WMAgent - cronjobs spam #12184

todor-ivanov opened this issue Nov 27, 2024 · 6 comments · Fixed by dmwm/CMSKubernetes#1569, #12185, #12189 or #12193
Assignees
Labels
BUG deployment Issue related to deployment of the services WMAgent

Comments

@todor-ivanov
Copy link
Contributor

todor-ivanov commented Nov 27, 2024

Impact of the bug
WMAgent

Describe the bug
Upon fixing #12166 A spam behavior was reported by people, notifying that the restart component cronjob is generating a lot of useless emails. The reason is that crontab's stdout gets emailed to the user cmst1 and consequently anybody to whom its mailbox has been redirected as well. One of the cronjob records in question is as follows:

*/15 * * * * source /data/WMAgent.venv3/bin/activate > /dev/null &&  source /data/WMAgent.venv3/deploy/restartComponent.sh 2>&1 >> /data/WMAgent.venv3/srv/wmagent/2.3.7/logs/component-restart.log

The situation becomes even worse especially when a machine deployment goes wrong and the component restarts intensify. We happen to notice that in testbed only because with the virtualenv. setup we fixed the cronjobs mailing mechanism first. Once the solution of #12159 (through dmwm/CMSKubernetes#1566) gets propagated to the Docker containers we run in production, we would have been hit by a e-mail storm much bigger than what we noticed in testbed from just a single agent. It would have been a single e-mail per every run of every cronjob from all of the Docker containers in production.
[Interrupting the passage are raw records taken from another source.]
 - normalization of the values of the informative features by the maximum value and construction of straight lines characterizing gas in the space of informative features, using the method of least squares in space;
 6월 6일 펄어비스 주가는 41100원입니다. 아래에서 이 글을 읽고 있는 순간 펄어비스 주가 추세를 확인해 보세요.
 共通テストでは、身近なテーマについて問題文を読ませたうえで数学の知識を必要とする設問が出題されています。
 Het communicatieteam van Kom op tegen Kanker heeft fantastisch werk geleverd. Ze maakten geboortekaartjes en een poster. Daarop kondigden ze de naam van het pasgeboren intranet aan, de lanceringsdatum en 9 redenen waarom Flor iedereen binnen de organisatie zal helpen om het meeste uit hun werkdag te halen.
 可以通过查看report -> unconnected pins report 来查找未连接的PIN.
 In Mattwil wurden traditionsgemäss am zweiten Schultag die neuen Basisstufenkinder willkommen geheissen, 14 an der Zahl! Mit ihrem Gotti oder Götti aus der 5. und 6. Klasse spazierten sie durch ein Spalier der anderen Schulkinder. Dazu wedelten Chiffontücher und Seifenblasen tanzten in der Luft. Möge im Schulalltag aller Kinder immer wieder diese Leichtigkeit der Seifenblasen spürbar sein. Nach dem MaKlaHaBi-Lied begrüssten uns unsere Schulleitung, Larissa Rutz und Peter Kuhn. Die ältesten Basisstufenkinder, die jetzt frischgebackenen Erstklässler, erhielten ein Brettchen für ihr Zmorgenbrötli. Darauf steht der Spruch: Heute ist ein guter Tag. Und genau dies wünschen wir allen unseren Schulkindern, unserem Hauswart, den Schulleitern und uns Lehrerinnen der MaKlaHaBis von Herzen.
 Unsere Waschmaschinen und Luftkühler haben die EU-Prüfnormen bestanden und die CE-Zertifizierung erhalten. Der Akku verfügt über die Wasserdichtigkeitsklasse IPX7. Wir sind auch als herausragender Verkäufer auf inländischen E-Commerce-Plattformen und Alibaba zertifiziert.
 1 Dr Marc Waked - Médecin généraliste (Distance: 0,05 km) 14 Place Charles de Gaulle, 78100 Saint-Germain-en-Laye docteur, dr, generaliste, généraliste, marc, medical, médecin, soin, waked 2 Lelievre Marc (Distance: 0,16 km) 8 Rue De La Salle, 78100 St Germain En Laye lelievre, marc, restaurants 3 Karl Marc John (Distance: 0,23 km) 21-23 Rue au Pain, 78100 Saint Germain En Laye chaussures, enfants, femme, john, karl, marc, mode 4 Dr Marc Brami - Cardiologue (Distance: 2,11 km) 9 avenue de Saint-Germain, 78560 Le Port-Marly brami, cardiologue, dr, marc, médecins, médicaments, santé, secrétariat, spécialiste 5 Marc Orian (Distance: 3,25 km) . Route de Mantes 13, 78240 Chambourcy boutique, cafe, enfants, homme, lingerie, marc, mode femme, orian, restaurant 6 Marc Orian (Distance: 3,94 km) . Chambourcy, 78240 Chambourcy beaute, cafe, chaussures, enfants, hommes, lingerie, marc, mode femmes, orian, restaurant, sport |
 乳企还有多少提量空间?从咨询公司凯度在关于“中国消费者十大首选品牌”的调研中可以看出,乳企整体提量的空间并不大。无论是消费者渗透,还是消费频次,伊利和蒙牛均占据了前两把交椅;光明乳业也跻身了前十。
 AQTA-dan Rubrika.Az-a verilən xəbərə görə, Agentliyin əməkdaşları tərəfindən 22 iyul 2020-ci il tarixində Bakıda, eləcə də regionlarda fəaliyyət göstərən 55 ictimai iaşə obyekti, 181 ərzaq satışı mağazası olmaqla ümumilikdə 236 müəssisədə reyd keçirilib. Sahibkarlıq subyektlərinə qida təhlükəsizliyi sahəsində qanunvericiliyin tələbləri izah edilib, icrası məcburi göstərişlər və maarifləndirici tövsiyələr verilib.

And things do not stop there. In one of those cronjobs, we have a hardwired absolute path not coupled to the environment and the deployment root:

install="/data/srv/wmagent/current/install/"
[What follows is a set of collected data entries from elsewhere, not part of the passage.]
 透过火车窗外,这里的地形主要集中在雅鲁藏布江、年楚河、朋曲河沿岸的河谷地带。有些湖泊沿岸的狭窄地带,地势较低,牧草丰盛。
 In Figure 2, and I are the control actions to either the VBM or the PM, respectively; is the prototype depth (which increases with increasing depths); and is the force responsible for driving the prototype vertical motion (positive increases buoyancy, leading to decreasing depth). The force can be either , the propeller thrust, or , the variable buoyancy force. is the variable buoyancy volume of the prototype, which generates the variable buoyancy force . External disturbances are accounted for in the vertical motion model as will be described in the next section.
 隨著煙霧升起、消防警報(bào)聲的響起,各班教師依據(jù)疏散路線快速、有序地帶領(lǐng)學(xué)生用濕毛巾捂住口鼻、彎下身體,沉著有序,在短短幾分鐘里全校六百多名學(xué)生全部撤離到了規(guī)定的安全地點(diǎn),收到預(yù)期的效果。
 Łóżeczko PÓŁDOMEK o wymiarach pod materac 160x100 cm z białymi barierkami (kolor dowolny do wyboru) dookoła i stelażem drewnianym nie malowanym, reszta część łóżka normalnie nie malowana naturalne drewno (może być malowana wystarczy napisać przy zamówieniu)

Which additionally leads to constantly scanning wrong component logs for errors, especially when it comes to virtual env. setup, and causing indefinite restarts of perfectly healthy components. This path should be tied to the environment variable: WMA_INSATLL_DIR

How to reproduce it
Just run the crontabs as currently generated at the agents

Expected behavior

No e-mails to be generated by cronjobs' stdout.

Additional context and error message
None

@todor-ivanov
Copy link
Contributor Author

ok ... I am reopening this issue because there were two problems reported by T0 team:

  • They found out the component restarts failed due to a wrong component name identification - it is been there before, I just happened to miss it myself. At this line:
    comps=$(ls $WMA_INSTALL_DIR)
(WMAgent.venv3) cmst0@vocms0502:~ $ comps=$(ls $WMA_INSTALL_DIR)
(WMAgent.venv3) cmst0@vocms0502:~ $ echo $comps 
AgentStatusWatcher/ AnalyticsDataCollector/ DBS3Upload/ ErrorHandler/ JobAccountant/ JobArchiver/ JobCreator/ JobStatusLite/ JobSubmitter/ JobTracker/ RetryManager/ RucioInjector/ TaskArchiver/ Tier0Feeder/

thanks @LinaresToine for reporting this

  • They have tested this mechanism in two of their production agents and turned out the so hardcoded grace period of 30min before considering a component for stale is far from enough, especially when it comes to HI runs:
    if (("$INTERVAL" >= 1800)); then

    The result is they noticed the mechanism triggered on every run of the cronjob command and only the formerly explained error about the component naming, saved them from entering a spiral of component restarts.

So this should be configurable!!!

@todor-ivanov todor-ivanov reopened this Nov 28, 2024
@LinaresToine
Copy link

LinaresToine commented Nov 28, 2024

Thank you @todor-ivanov. Having the cron job configurable would be useful for us. After what we have seen this year, with the DBS3Uploader taking 2+ hours under heavy load, and now seeing a similar symptom in the RucioInjector during the HI run, I believe that restarting these components after 30 minutes is not necessary. However, this does not imply that we don't want to be warned about it, which is already done by WMStats. For other components, an automatic restart after more than 30 minutes may be too much.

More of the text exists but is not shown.